这是 NumPy 中数组的简要概述。它演示了如何
() 数组可以表示并操作。特别是,如果你不知道如何将常用函数应用于 n 维数组(不使用 for 循环),或者你想了解 n 维数组的轴和形状属性,那么本文可能会有所帮助。
Learning Objectives 学习目标
After reading, you should be able to:
阅读后,您应该能够:
Understand the difference between one-, two- and n-dimensional arrays in NumPy;
了解 NumPy 中一维、二维和 n 维数组之间的区别;Understand how to apply some linear algebra operations to n-dimensional arrays without using for-loops;
了解如何在不使用 for 循环的情况下将一些线性代数运算应用于 n 维数组;Understand axis and shape properties for n-dimensional arrays.
了解 n 维数组的轴和形状属性。
The basics# 基础知识#
NumPy’s main object is the homogeneous multidimensional array. It is a
table of elements (usually numbers), all of the same type, indexed by a
tuple of non-negative integers. In NumPy dimensions are called axes.
NumPy 的主要对象是同构多维数组。它是一个由相同类型的元素(通常是数字)组成的表,由一个非负整数元组索引。在 NumPy 中,维度被称为轴 (axis) 。
For example, the array for the coordinates of a point in 3D space,
[1, 2, 1], has one axis. That axis has 3 elements in it, so we say
it has a length of 3. In the example pictured below, the array has 2
axes. The first axis has a length of 2, the second axis has a length of
3.
例如,3D 空间中某个点的坐标数组,
[1, 2, 1] 有一个轴。该轴包含 3 个元素,因此我们称其长度为 3。在下图的示例中,该数组有两个轴。第一个轴的长度为 2,第二个轴的长度为 3。
[[1., 0., 0.],
[0., 1., 2.]]
NumPy’s array class is called ndarray. It is also known by the alias
array. Note that numpy.array is not the same as the Standard
Python Library class array.array, which only handles one-dimensional
arrays and offers less functionality. The more important attributes of
an ndarray object are:
NumPy 的数组类称为 ndarray 。它也被称为
array 。需要注意的是, numpy.array 与 Python 标准库中的 array.array 类不同,后者仅处理一维数组,且功能较少。ndarray ndarray 最重要的属性包括:
- ndarray.ndim
the number of axes (dimensions) of the array.

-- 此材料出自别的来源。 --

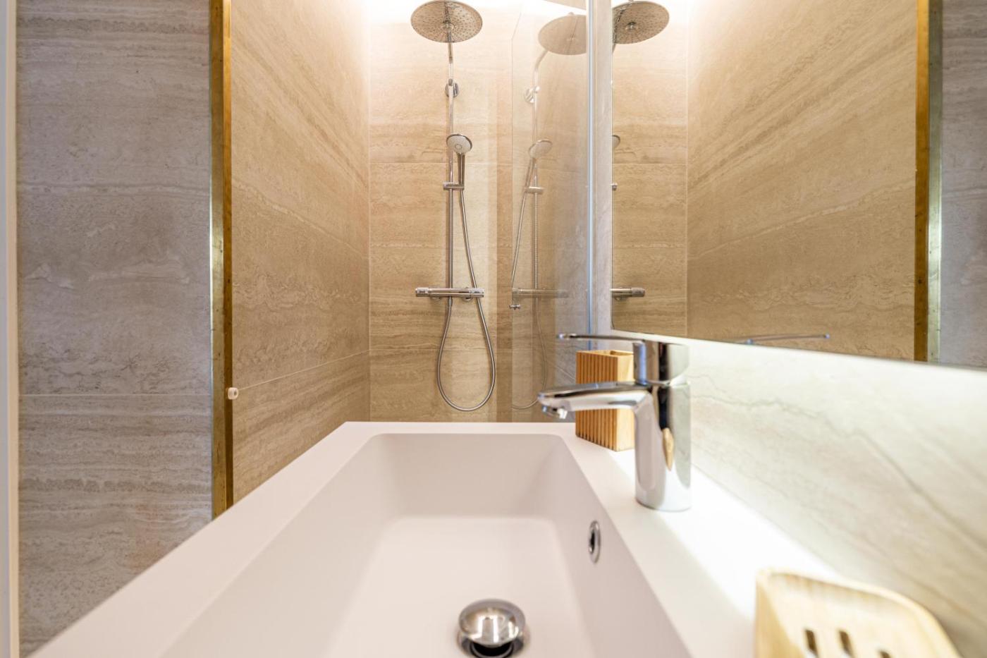 Cet appartement avec climatisation se compose de 2 chambres, dun salon, dune cuisine entièrement équipée avec un réfrigérateur et une machine à café, ainsi que de 2 salles de bains avec une douche et un sèche-cheveux. Une télévision à écran plat est à votre disposition.
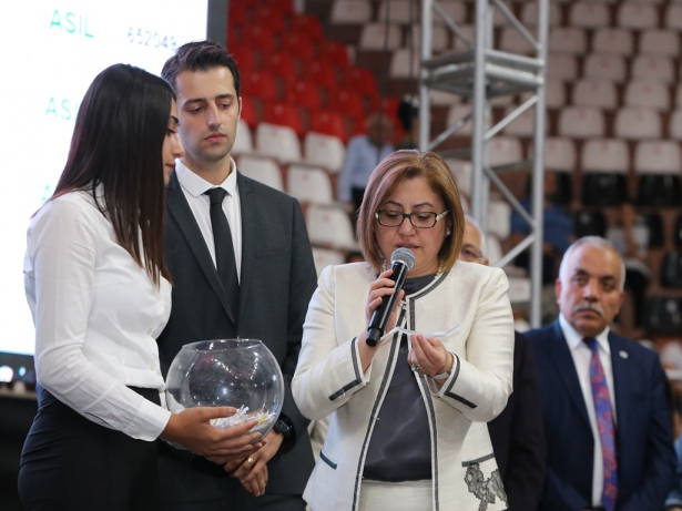 Kura çekimi için Karataş Spor Salonu’nda bir tören düzenlendi. Törende katılımcılara açıklamalarda bulunan Gaziantep Büyükşehir Belediye Başkanı Fatma Şahin, Gaziantep’te herkesin ev sahibi olmasını istediğini söyledi.
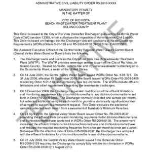 Administrative civil liability order R5-2010-XXXX, mandatory penalty in the matter of City of Rio Vista, Beach Wastewater Treatment Plant, Solano County
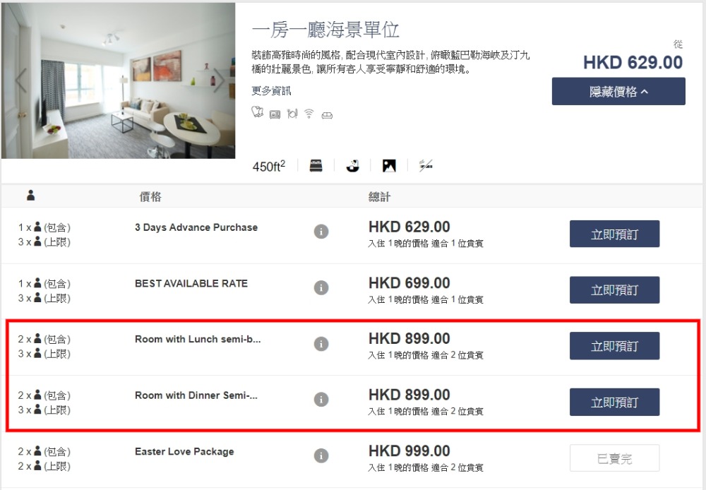 海景套房+半自助餐 每晚連稅HKHK$899起
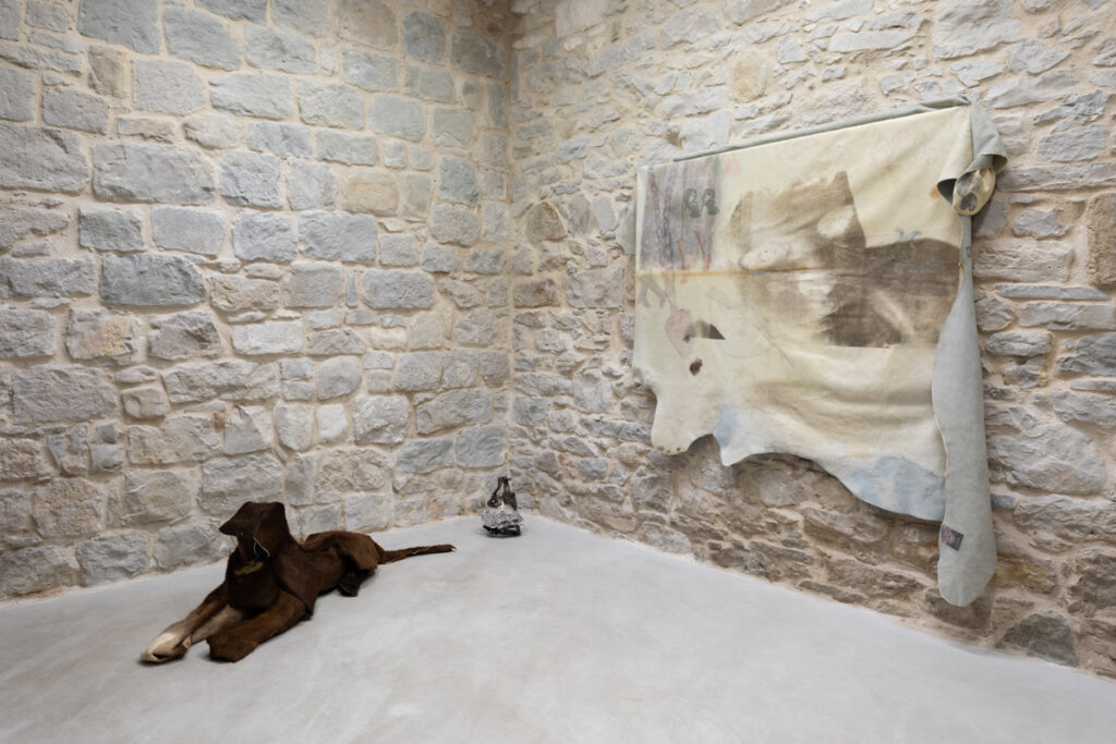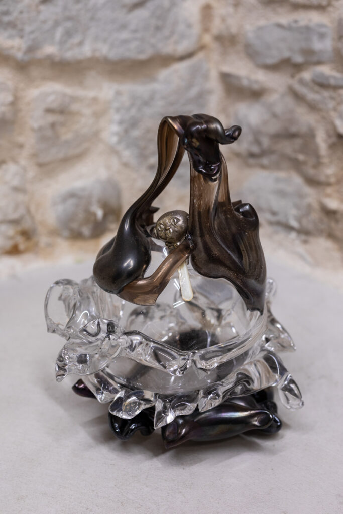 In the space, we are greeted by an animal presence resembling a plush tiger, crudely taxidermied with fragments of fur and skin. The tiger’s face and body disintegrate, and the eyes disappear. An unfinished entity fixed in the moment of its creation, on the threshold between the living and the nonliving, like a toy that no longer wishes to be one. We also notice a biomorphic glass form resembling a vase as it flows into the space, seeking a relationship with other organic elements of the estranged environment.
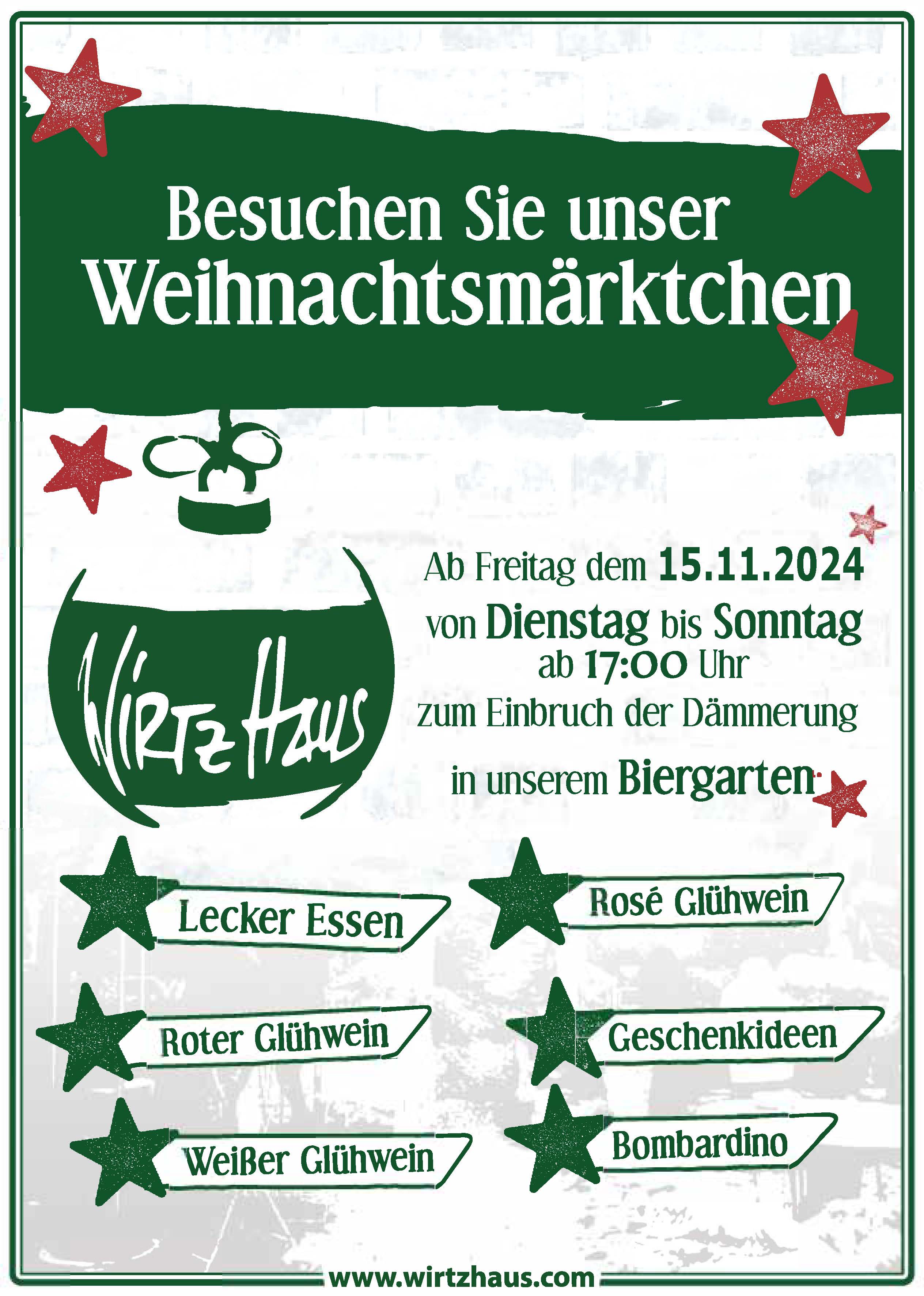 Ab dem 15.11.2024 ist unser Weihnachtsmärktchen wieder geöffnet und bringt bei Glühwein, Spießbraten weihnachtliche Stimmung in unseren Biergarten!
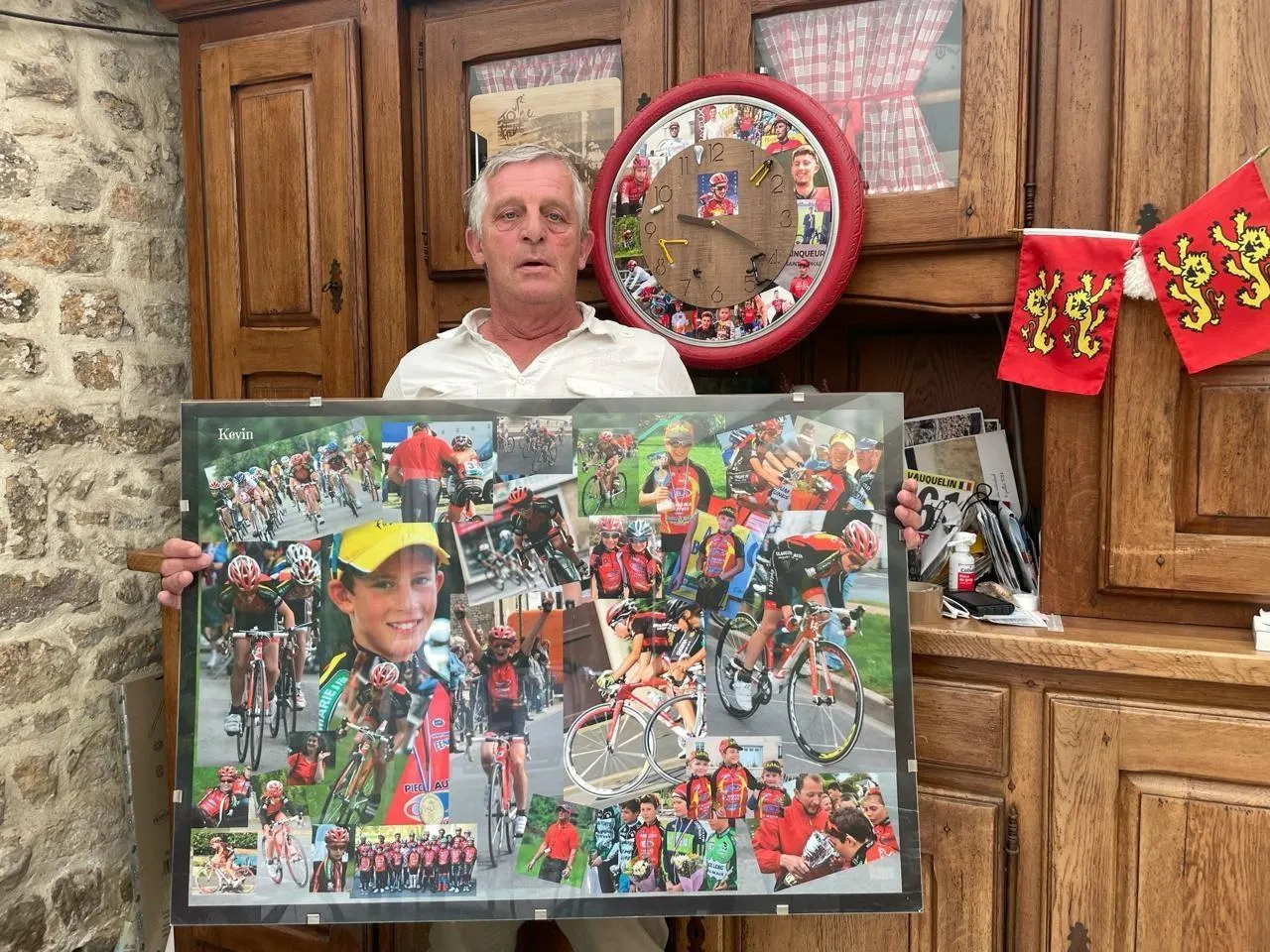 Les parents de Kévin Vauquelin affichent fièrement tous ses succès liés au vélo, chez eux. © Ouest-France
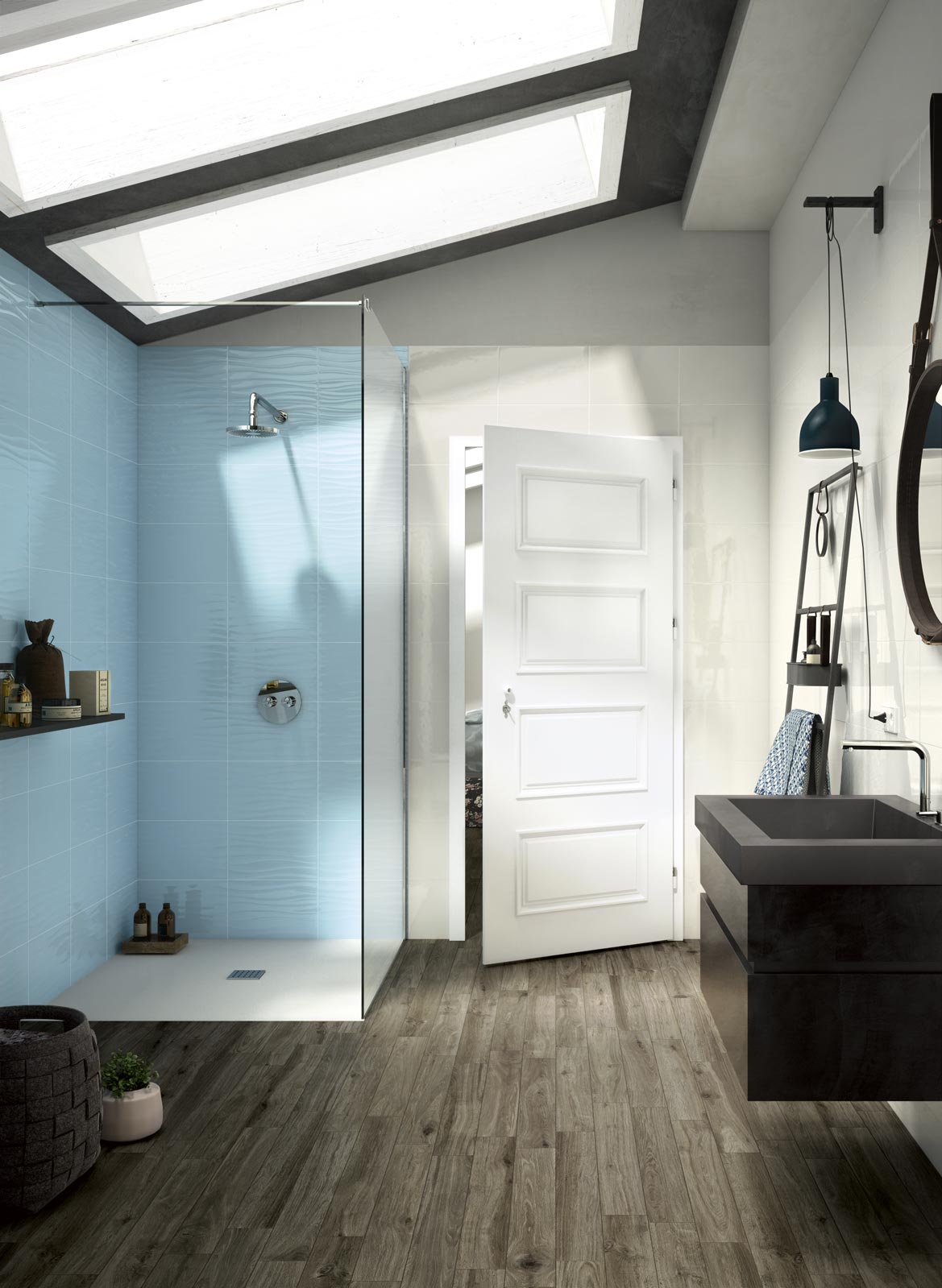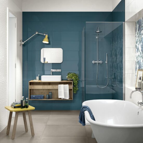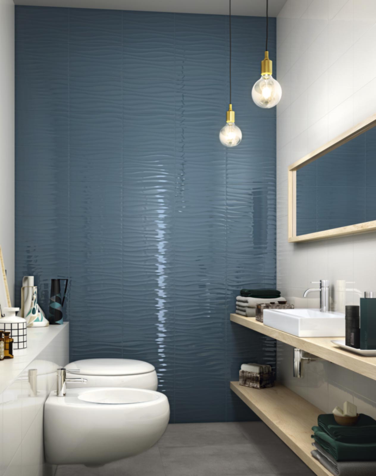 People often think that finishing the walls of a bathroom in a modern, trendy way inevitably means choosing neutral shades and large-sized tiles. However, there is also a trend for decorating the contemporary bathroom with bright colours and textures, making imaginative use of light and medium-sized majolica tiles.
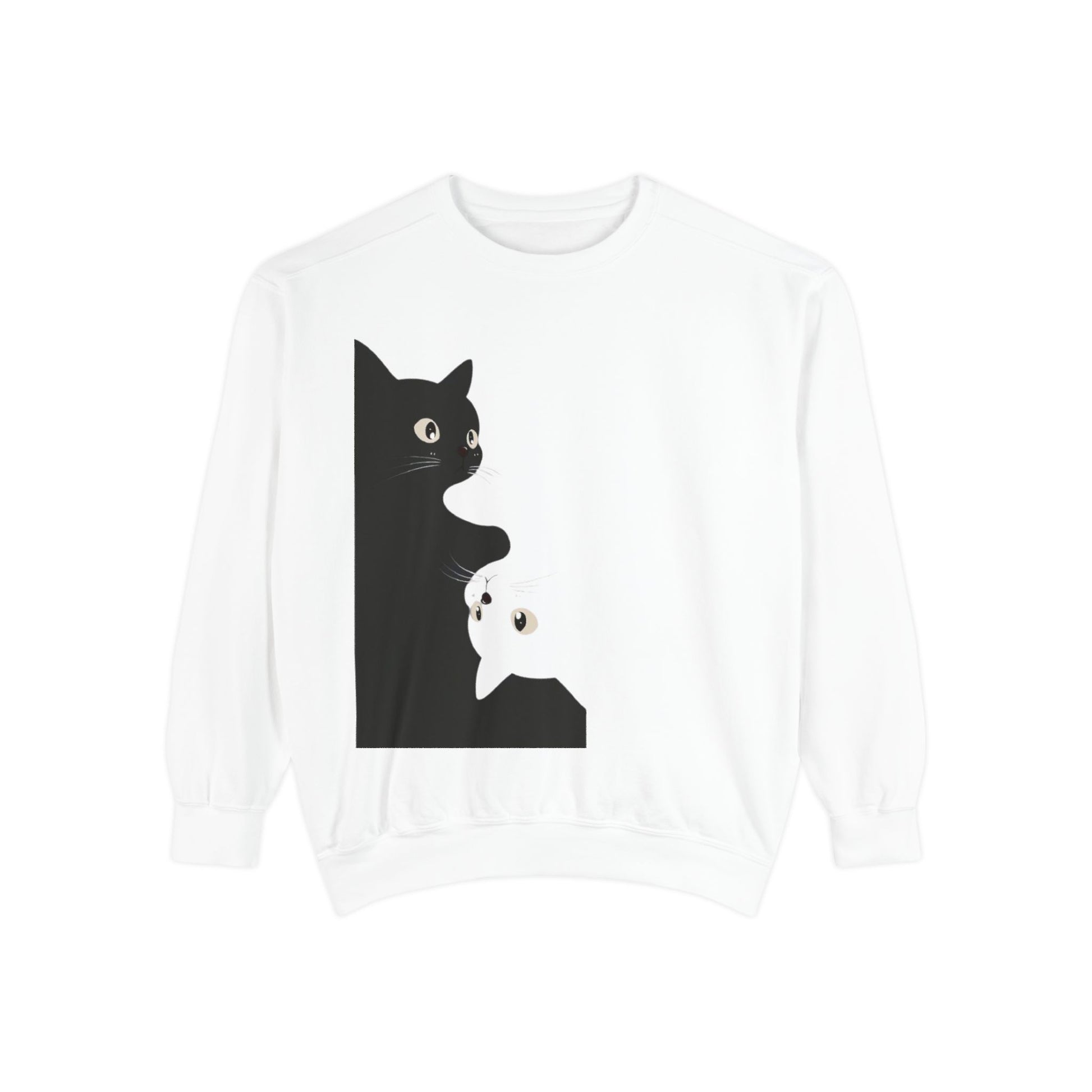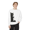 Cocoon yourself in quiet comfort with this garment-dyed sweatshirt that pairs cozy weight with a spare, artful design. A large silhouette of a watchful black cat — its alert eyes and tucked paws rendered in high-contrast ink — sits off-center on the front, while the soft white fabric keeps the image crisp and minimal. The relaxed fit and medium-heavy, ring-spun cotton blend feel substantial without being stiff. Thoughtful details like a half-moon back neck patch, ribbed collar and cuffs, and neck twill tape keep the shape over time. OEKO-TEX low-impact dyes and a smooth knit make this sweatshirt feel lived-in from the first wear. It’s the kind of piece you reach for when you want quiet style and easy warmth: for slow mornings with a mug, moonlit walks, or evenings spent reading with a purring companion.

数组的轴数(维度)。- ndarray.shape ndaray.shape
the dimensions of the array. This is a tuple of integers indicating the size of the array in each dimension. For a matrix with n rows and m columns,
shapewill be(n,m). The length of theshapetuple is therefore the number of axes,ndim.
数组的维度。这是一个整数元组,表示数组在每个维度上的大小。对于 n 行 m 列的矩阵,shape为(n,m)。 因此,shape元组就是轴的数量,ndim。- ndarray.size
the total number of elements of the array. This is equal to the product of the elements of
shape.
数组元素的总数。这等于shape元素的乘积。- ndarray.dtype
an object describing the type of the elements in the array. One can create or specify dtype’s using standard Python types. Additionally NumPy provides types of its own. numpy.int32, numpy.int16, and numpy.float64 are some examples.
描述数组中元素类型的对象。可以使用标准 Python 类型创建或指定数据类型。此外,NumPy 还提供了自己的类型。例如,numpy.int32、numpy.int16 和 numpy.float64。- ndarray.itemsize
the size in bytes of each element of the array. For example, an array of elements of type
float64hasitemsize8 (=64/8), while one of typecomplex32hasitemsize4 (=32/8). It is equivalent tondarray.dtype.itemsize.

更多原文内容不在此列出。